Toby Keene, Matt Brearley, Beth Bowen, Anthony Walker

    Research output: Contribution to journalArticleResearchpeer-review

    Abstract

    In the course of their duties, firefighters risk heat stroke and other medical conditions due to exertion in high-temperature environments. Infrared tympanic temperature measurement (TTym) is often used by Emergency Medical Services (EMS) to assess the core body temperature of firefighters. The accuracy of TTym in this setting has been called into question.

    This study aimed to examine the accuracy of TTym for core body temperature assessment at emergency firefighting events compared with gastrointestinal temperature measurement (TGI) as measured by ingestible thermometers.

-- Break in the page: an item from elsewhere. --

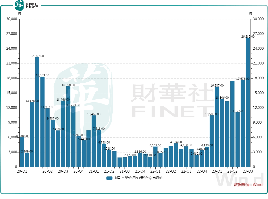 数据显示,今年2月以来,我国燃气商用车销量开始扶摇直上,扛起了推动重卡市场销量增长的大梁。在今年9月,燃气商用车销量达2.62万辆,同比飙升526.5%,市场十分火爆。

    Forty-five (42 male, three female) professional urban firefighters from an Australian fire service completed two 20-minute work periods in a 100°C (± 5°C) heat chamber while wearing personal protective clothing (PPC) and breathing apparatus (weighing approximately 22 kg). Measurements were taken immediately before entering, and on exiting, the heat chamber. Tympanic temperature was assessed by an infrared tympanic thermometer and TGI was measured by ingestible sensor and radio receiver.

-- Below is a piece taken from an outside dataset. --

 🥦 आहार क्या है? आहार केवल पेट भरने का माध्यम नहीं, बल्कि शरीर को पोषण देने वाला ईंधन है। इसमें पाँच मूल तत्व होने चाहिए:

    Complete data were available for 37 participants. Participant temperatures were higher on exiting the heat chamber than at baseline (TTym: 35.9°C (SD=0.7) vs 37.5°C (SD=0.8); TGI: 37.2°C (SD=0.4) vs 38.6°C (SD=0.5)). Tympanic temperature underestimated TGI on average by 1.3°C (SD=0.5) before entering the chamber and by 1.0°C (SD=0.8) following the exercise. Using pooled data, the average underestimation was 1.2°C (SD=0.7).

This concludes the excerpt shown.